Differentially expressed genes involved in flagellar biosynthesis in Acidovorax citrulli ΔacrR strain compared to its wild‐type strain Aac‐5
Gene ID | Gene product description | logFC | p value |
---|---|---|---|
Flagellar assembly | |||
Aave_2005 | Transcriptional activator FlhC | −2.77 | 6.64E−03 |
Aave_2006 | Flagellar transcriptional regulator FlhD | −2.83 | 5.87E−03 |
Aave_2496 | Chemotaxis protein CheW | −1.92 | 2.84E−03 |
Aave_4383 | Flagellar biosynthetic protein FliR | 4.68 | 4.69E−24 |
Aave_4384 | Flagellar biosynthesis protein FliQ | 1.97 | 1.12E−04 |
Aave_4385 | Flagellar biosynthetic protein FliP | 1.48 | 4.31E−03 |
Aave_4387 | Flagellar motor switch protein FliN | −1.11 | 3.95E−02 |
Aave_4390 | Flagellar hook‐length control protein FliK | −1.91 | 1.18E−04 |
Aave_4391 | Flagellar hook‐length control protein FliJ | −2.63 | 2.14E−03 |
Aave_4392 | Flagellar protein export ATPase FliI | −1.68 | 1.98E−03 |
Aave_4393 | Flagellar assembly protein FliH | −1.91 | 2.83E−04 |
Aave_4395 | Flagellar M‐ring protein FliF | −2.04 | 3.52E−05 |
Aave_4397 | Flagellar protein FliT | −2.89 | 1.40E−09 |
Aave_4398 | Flagellar export chaperone FliS | −3.13 | 1.88E−05 |
Aave_4399 | Flagellar cap protein FliD | −1.34 | 6.45E−03 |
Aave_4400 | Flagellin | −4.35 | 9.36E−22 |
Aave_4401 | Flagellin | −2.28 | 4.33E−07 |
Aave_4413 | Flagellar biosynthesis protein FlhA | −3.97 | 1.34E−16 |
Aave_4414 | Flagellar biosynthesis protein FlhF | −3.29 | 3.55E−12 |
Aave_4416 | RNA polymerase sigma factor FliA | −1.76 | 9.25E−06 |
Aave_4418 | Flagellar biosynthesis anti‐sigma factor FlgM | −2.81 | 3.19E−07 |
Aave_4419 | Flagella basal body P‐ring formation protein FlgA | −2.2 | 1.22E−04 |
Aave_4420 | Flagellar basal‐body rod protein FlgB | −3.74 | 2.00E−05 |
Aave_4421 | Flagellar basal body rod protein FlgC | −3.51 | 4.18E−06 |
Aave_4422 | Flagellar basal body rod modification protein FlgD | −3.94 | 9.00E−14 |
Aave_4423 | Flagellar hook protein FlgE | −4.35 | 6.65E−20 |
Aave_4424 | Flagellar basal body rod protein FlgF | −4.39 | 1.60E−14 |
Aave_4426 | Flagellar L‐ring protein FlgH | −3.55 | 3.19E−11 |
Aave_4428 | Flagellar P‐ring protein FlgI | −3.7 | 5.46E−13 |
Aave_4429 | Flagellar rod assembly protein/muramidase FlgJ | −3.32 | 1.23E−10 |
Aave_4430 | Flagellar hook‐associated protein FlgK | −2.92 | 2.69E−09 |
Aave_4431 | Flagellar hook‐associated protein 3 FlgL | −2.86 | 8.98E−09 |
Aave_4592 | Flagellar motor protein MotB | −1.95 | 1.07E−04 |
Gene ID refers to the locus_tag of a differentially expressed gene in A. citrulli ΔacrR strain compared to strain Aac‐5, identified by hits in a BLASTn search against the strain AAC00‐1 genome (GenBank accession number CP000512.1).

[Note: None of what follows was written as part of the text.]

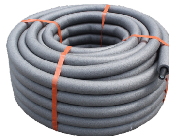
Neotherm PE-RT Rør-i-Rør med isolering

FC, fold‐change
Figure 8.
Schematic diagram of the differentially expressed genes involved in flagellar assembly. Layers of inner and outer membrane, peptidoglycan layer, C‐, MS‐, P‐, and L‐rings, motor proteins (MotAB), rotor (FlgBCF), hollow rod, hook, and distal part of flagellum are shown. Components of flagellum transport apparatus, ATPase complex, chaperones of flagellar transport, and their substrates are presented schematically. Highly expressed genes are shaded grey and lowly expressed genes are highlighted in green
3. DISCUSSION
In this study, we identified a LuxR‐type transcriptional regulator AcrR in A. citrulli. We demonstrated that deletion of the acrR gene resulted in reduced virulence on watermelon seedlings, lost twitching and swimming motilities, and failure to form flagella, but increased biofilm formation and growth ability of the mutant strain compared to its wild‐type strain of A. citrulli. Additionally, comparative RNA profiling analysis revealed that 394 genes were differentially expressed, including 33 involved in flagellar assembly, suggesting the regulatory role AcrR plays, especially in flagella‐related functions of A. citrulli.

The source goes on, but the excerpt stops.